ACTION ITEM:
Word-for-word transcription: reproduce all of the data, but not the pictures.

DATA SUPPLIED:
■ ■ ■ ■ ■

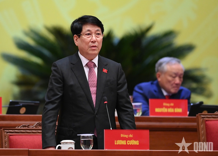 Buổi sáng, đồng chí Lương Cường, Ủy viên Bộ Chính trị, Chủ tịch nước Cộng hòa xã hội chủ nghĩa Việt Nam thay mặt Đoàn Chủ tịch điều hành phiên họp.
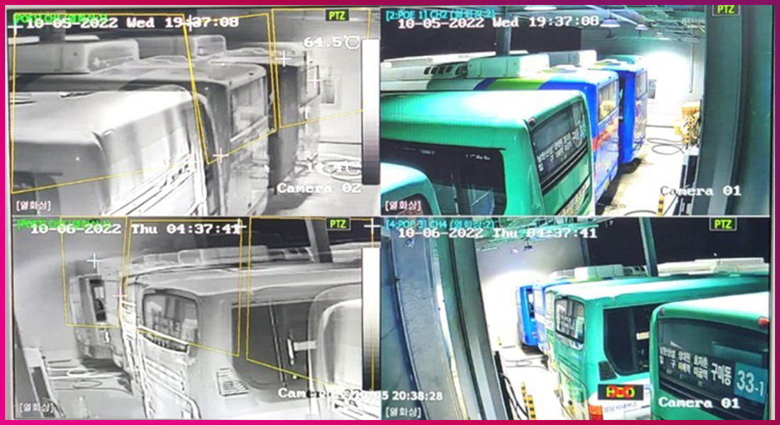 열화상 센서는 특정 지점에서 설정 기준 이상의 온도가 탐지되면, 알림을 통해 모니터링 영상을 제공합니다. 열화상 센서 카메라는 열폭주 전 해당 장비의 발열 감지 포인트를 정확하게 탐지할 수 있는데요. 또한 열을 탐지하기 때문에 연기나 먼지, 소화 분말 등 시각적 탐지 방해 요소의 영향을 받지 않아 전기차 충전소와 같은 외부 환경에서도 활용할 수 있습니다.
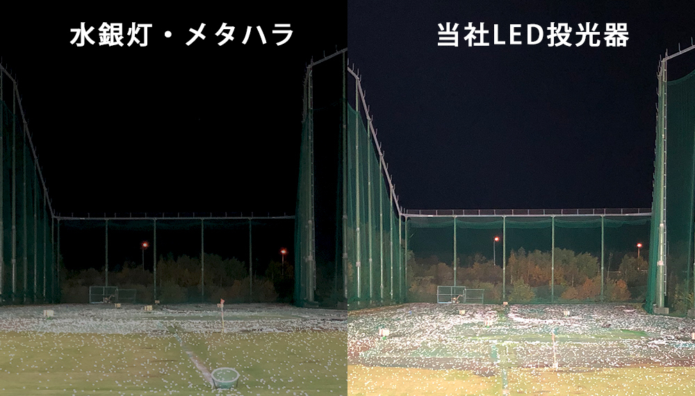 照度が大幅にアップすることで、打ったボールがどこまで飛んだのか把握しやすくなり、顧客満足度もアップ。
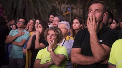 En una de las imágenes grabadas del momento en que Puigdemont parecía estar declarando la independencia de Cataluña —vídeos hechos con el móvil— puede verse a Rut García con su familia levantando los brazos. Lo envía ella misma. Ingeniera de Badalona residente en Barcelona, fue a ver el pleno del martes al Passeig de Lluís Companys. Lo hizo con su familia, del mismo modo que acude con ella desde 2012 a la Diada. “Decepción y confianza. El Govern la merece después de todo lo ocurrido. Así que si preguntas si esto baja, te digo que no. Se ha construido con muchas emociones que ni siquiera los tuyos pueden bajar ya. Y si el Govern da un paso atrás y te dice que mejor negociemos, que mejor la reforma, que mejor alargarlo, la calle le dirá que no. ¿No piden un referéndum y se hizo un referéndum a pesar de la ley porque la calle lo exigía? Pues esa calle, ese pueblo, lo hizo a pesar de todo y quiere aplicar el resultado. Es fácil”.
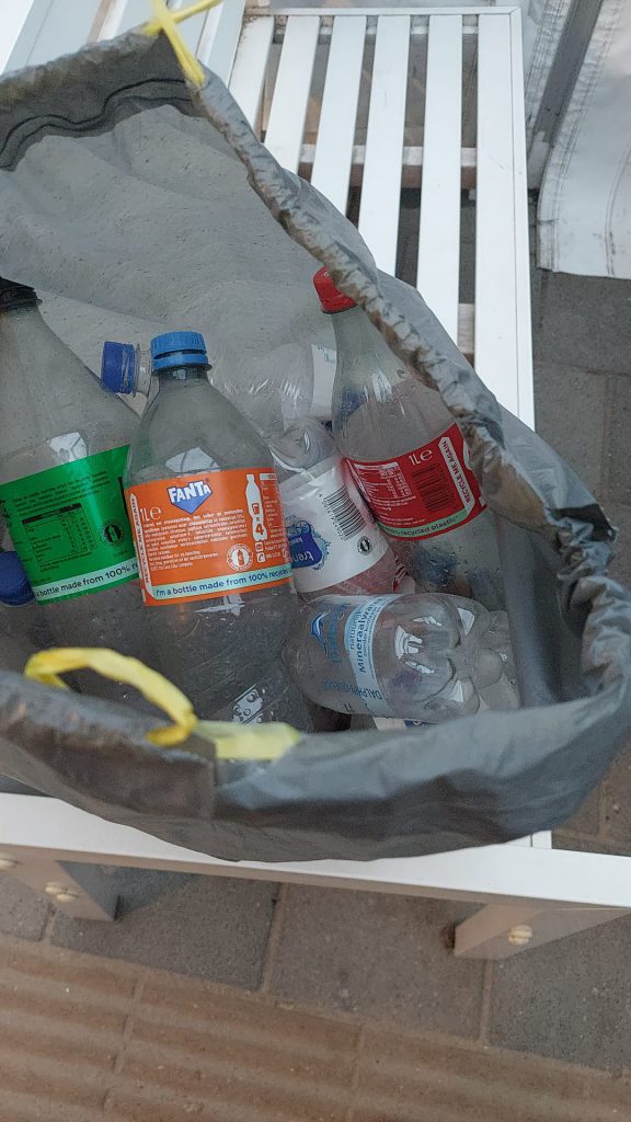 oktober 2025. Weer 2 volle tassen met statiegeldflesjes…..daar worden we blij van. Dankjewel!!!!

■ ■ ■ ■ ■

TASK OUTPUT:
 Buổi sáng, đồng chí Lương Cường, Ủy viên Bộ Chính trị, Chủ tịch nước Cộng hòa xã hội chủ nghĩa Việt Nam thay mặt Đoàn Chủ tịch điều hành phiên họp.
 열화상 센서는 특정 지점에서 설정 기준 이상의 온도가 탐지되면, 알림을 통해 모니터링 영상을 제공합니다. 열화상 센서 카메라는 열폭주 전 해당 장비의 발열 감지 포인트를 정확하게 탐지할 수 있는데요. 또한 열을 탐지하기 때문에 연기나 먼지, 소화 분말 등 시각적 탐지 방해 요소의 영향을 받지 않아 전기차 충전소와 같은 외부 환경에서도 활용할 수 있습니다.
 照度が大幅にアップすることで、打ったボールがどこまで飛んだのか把握しやすくなり、顧客満足度もアップ。
 En una de las imágenes grabadas del momento en que Puigdemont parecía estar declarando la independencia de Cataluña —vídeos hechos con el móvil— puede verse a Rut García con su familia levantando los brazos. Lo envía ella misma. Ingeniera de Badalona residente en Barcelona, fue a ver el pleno del martes al Passeig de Lluís Companys. Lo hizo con su familia, del mismo modo que acude con ella desde 2012 a la Diada. “Decepción y confianza. El Govern la merece después de todo lo ocurrido. Así que si preguntas si esto baja, te digo que no. Se ha construido con muchas emociones que ni siquiera los tuyos pueden bajar ya. Y si el Govern da un paso atrás y te dice que mejor negociemos, que mejor la reforma, que mejor alargarlo, la calle le dirá que no. ¿No piden un referéndum y se hizo un referéndum a pesar de la ley porque la calle lo exigía? Pues esa calle, ese pueblo, lo hizo a pesar de todo y quiere aplicar el resultado. Es fácil”.
 oktober 2025. Weer 2 volle tassen met statiegeldflesjes…..daar worden we blij van. Dankjewel!!!!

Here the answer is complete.